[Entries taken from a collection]
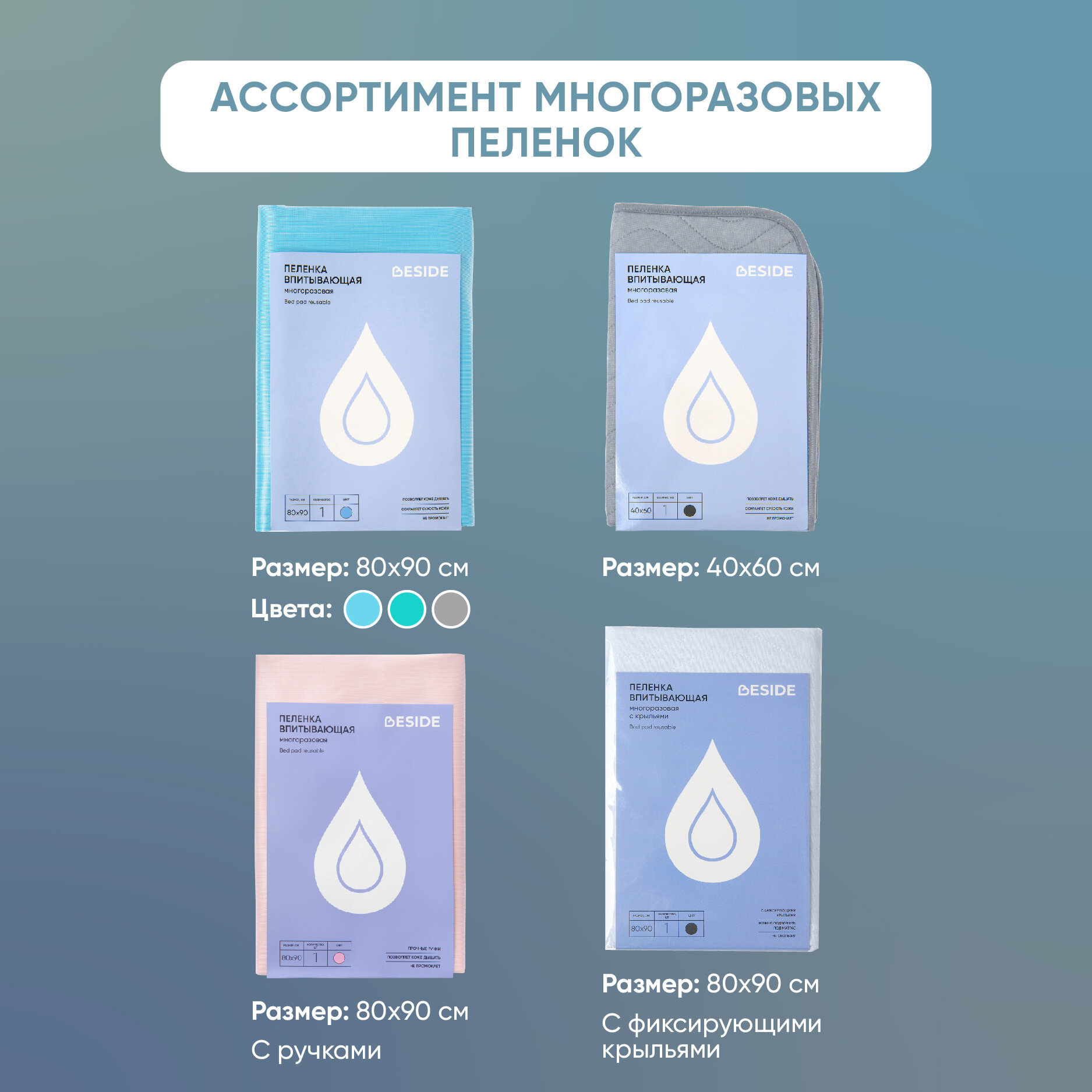 Многоразовая впитывающая пеленка с крыльями BESIDE волны, 80x90 см, хлопок полиэстер, ПВХ, бело-серая, клеенка подкладная водонепроницаемая непромокаемая для детей, новорожденных, взрослых, животных интересное:
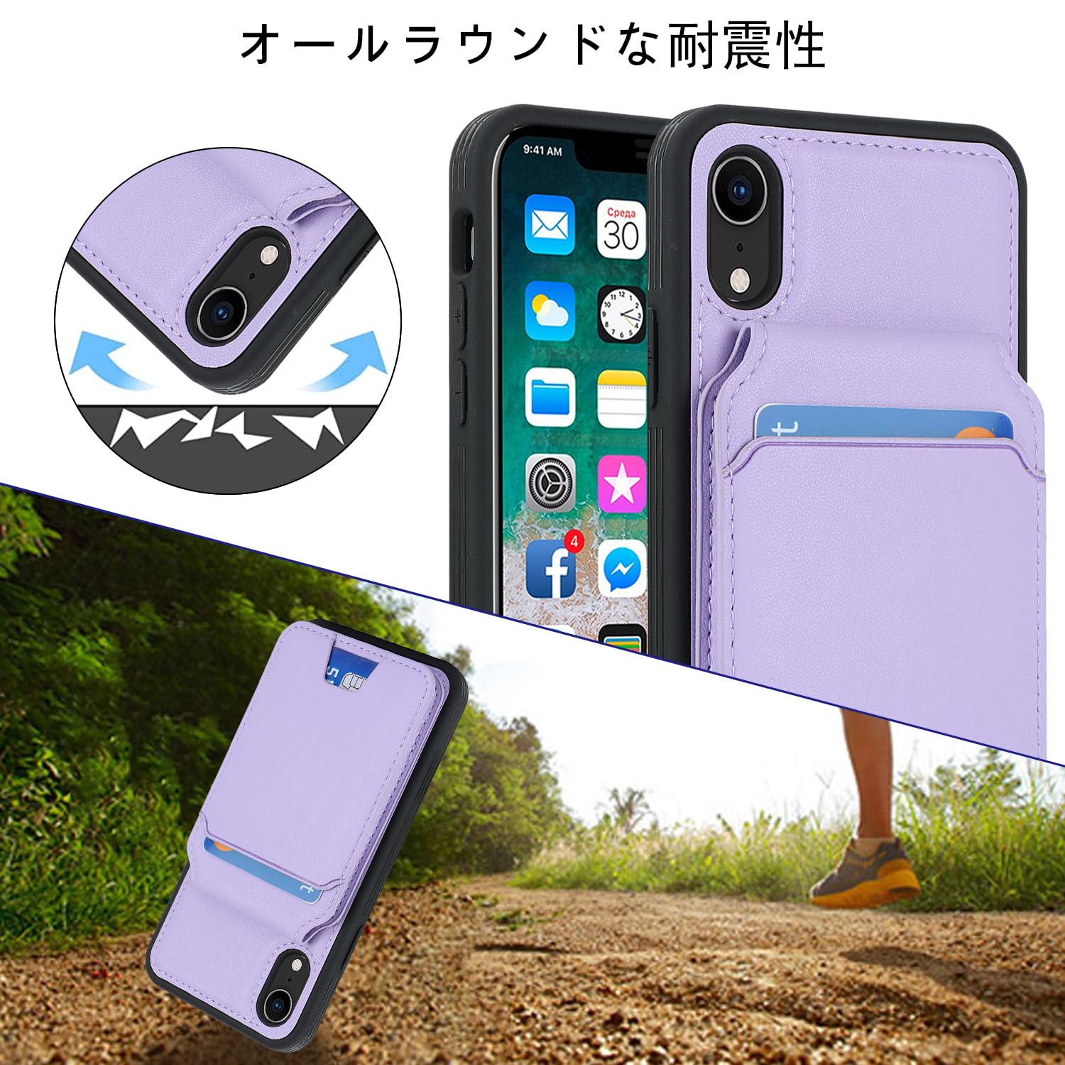 【在庫セール】Havaya iPhone XR ケース MagSafe iPhonexr ケース マグセーフ 耐衝撃 背面カード収納 分離式 ワイヤレス充電対応 フェイクレザー(6.1インチ対応)-パープル
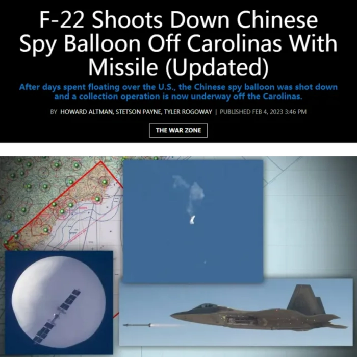 中国外交部证实这只是一个中国民用的无人气象飞艇,但是被美国别有用心当成“间谍气球”闹剧折腾了好几天,最终无人飞艇下降到2万米以下后,以美军出动两架F22发射AIM-9X导弹击落而告一段落,19800米取得“战果”是美军有史以来最高击落的记录。
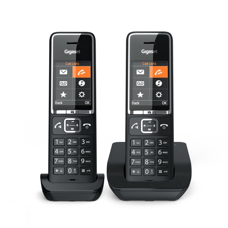 El Gigaset Confort 550 Duo Iberia es un teléfono analógico inalámbrico con pantalla TFT a color de 2.2 pulgadas y resolución de 220 x 176 píxeles, que ofrece una clara visualización de hasta 200 contactos en su agenda. Incluye altavoz, envío y recepción de SMS, y la función Babyphone. Su modo ECO optimiza el consumo de energía, y es compatible con GAP. El diseño es en color negro, pensado para escritorio, con botones retroiluminados y bloqueo de teclado. Cuenta con identificador de llamadas, remarcado, registro de hasta 20 llamadas entrantes y salientes, y bloqueo de llamadas. La gestión de llamadas incluye llamada en espera y tiempo de llamada. Su administración es sencilla con tecla de navegación y alarmas, además de control de volumen. Personaliza tonos, temas y fondos de pantalla. Las dimensiones de los auriculares son 52 x 26 x 161 mm con un peso de 115g. La base mide 123 x 99 x 43 mm y pesa 158g. Utiliza baterías NiMH AAA con 320 horas en reposo y 17 horas de conversación. El embalaje incluye dos auriculares, estación base y manual de usuario.
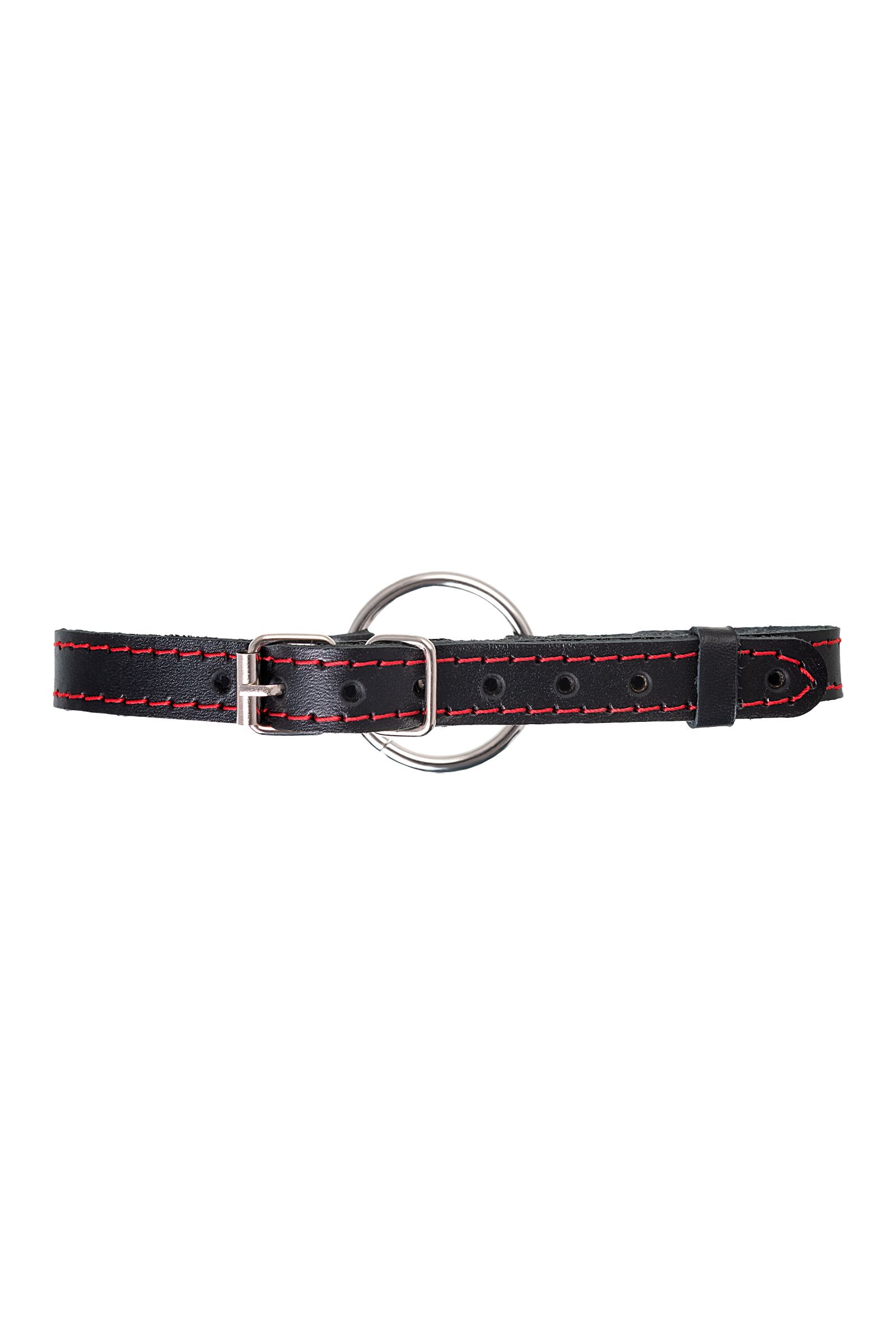 Кляп Pecado BDSM, «Кольцо 39 мм», с красной строчкой, натуральная кожа, черный
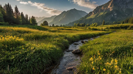 A stunning view of a vibrant wildflower meadow with a gently flowing stream and majestic mountains in the background, perfect for nature lovers.
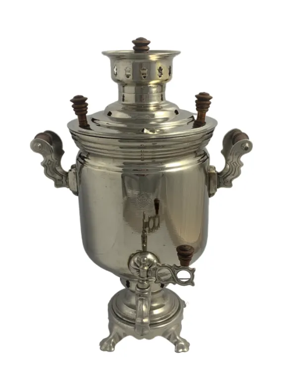 Цена на товар может измениться после поступления товара. Точную цену уточняйте у нашего менеджера. Телефон: 8 (812) 336-25-25Самовар Банка, гладкая, 5 литров, 70-е годы ХХ века, завод Штамп Тула, восстановлен, никель, белый, труба 65 мм в комплекте
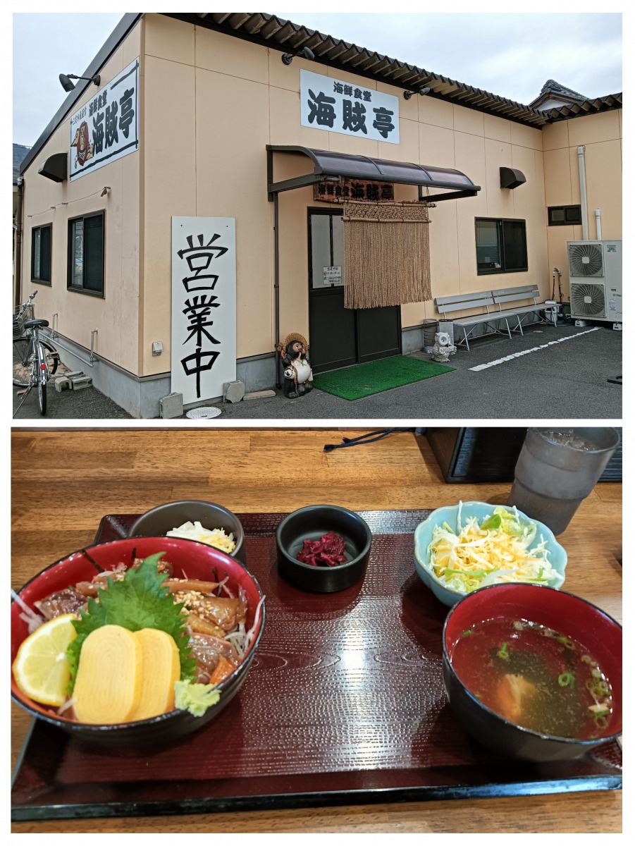 浅口市寄島町にある食事処「海賊亭」。寄島町で長年カキの養殖業を営む「三宅水産牡蠣直売所」の直営店で、新鮮な素材を使った定食や丼が人気のお店。私が訪れた際に食べたのは「まかない漬け丼」(1,200円)。新鮮なお刺身を熱々のご飯に乗せた満足ランチでした。
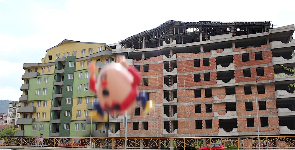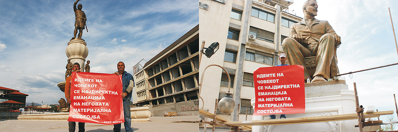 Фотографирање на работници коишто работат на изградба на дел од објектите на проектот Скопје 2014 со текст/цитат од Карл Маркс. Акцијата претставува „упад” во идејата за капиталистичкото планирање на центарот на град Скопје.
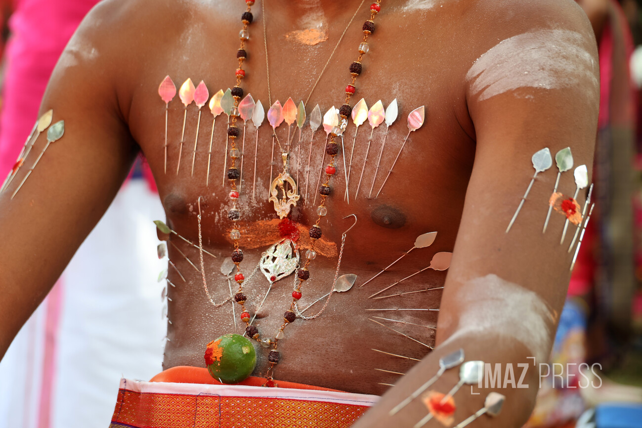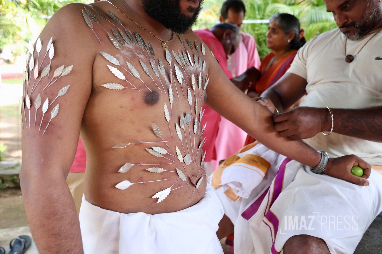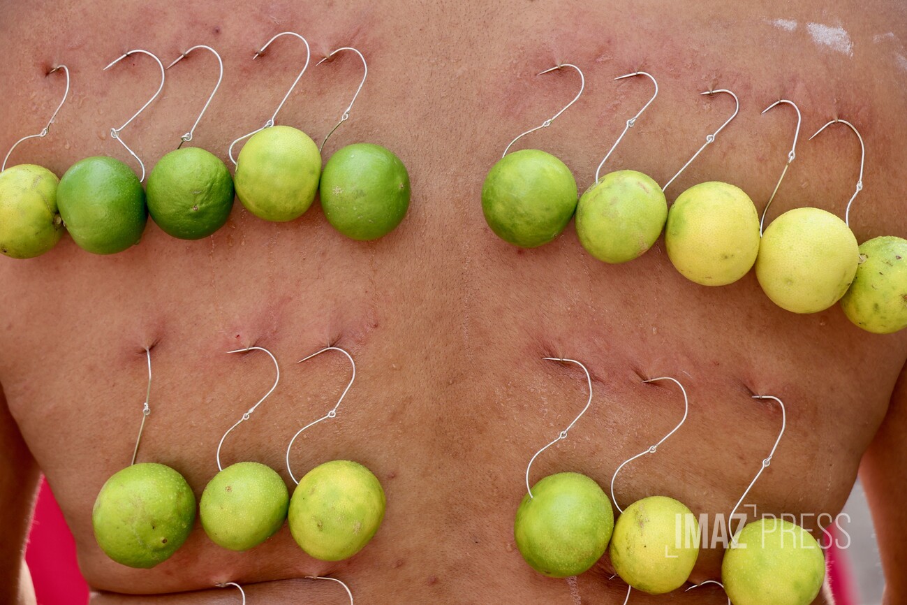 Le corps transpercé d’aiguilles d’argent, ils soutiennent un portique, le Cavadee, décoré de fleurs, feuillages et icônes. Les aiguilles, plantées notamment dans la langue, matérialisent le voeu de silence.

> **Task goal**
Go to the line above holding "натуральная кожа, черный", then copy exactly each line down to and including the one holding "Фотографирање на работници", leaving pictures out.

> **Answer box**
 Кляп Pecado BDSM, «Кольцо 39 мм», с красной строчкой, натуральная кожа, черный
 A stunning view of a vibrant wildflower meadow with a gently flowing stream and majestic mountains in the background, perfect for nature lovers.
 Цена на товар может измениться после поступления товара. Точную цену уточняйте у нашего менеджера. Телефон: 8 (812) 336-25-25Самовар Банка, гладкая, 5 литров, 70-е годы ХХ века, завод Штамп Тула, восстановлен, никель, белый, труба 65 мм в комплекте
 浅口市寄島町にある食事処「海賊亭」。寄島町で長年カキの養殖業を営む「三宅水産牡蠣直売所」の直営店で、新鮮な素材を使った定食や丼が人気のお店。私が訪れた際に食べたのは「まかない漬け丼」(1,200円)。新鮮なお刺身を熱々のご飯に乗せた満足ランチでした。
 Фотографирање на работници коишто работат на изградба на дел од објектите на проектот Скопје 2014 со текст/цитат од Карл Маркс. Акцијата претставува „упад” во идејата за капиталистичкото планирање на центарот на град Скопје.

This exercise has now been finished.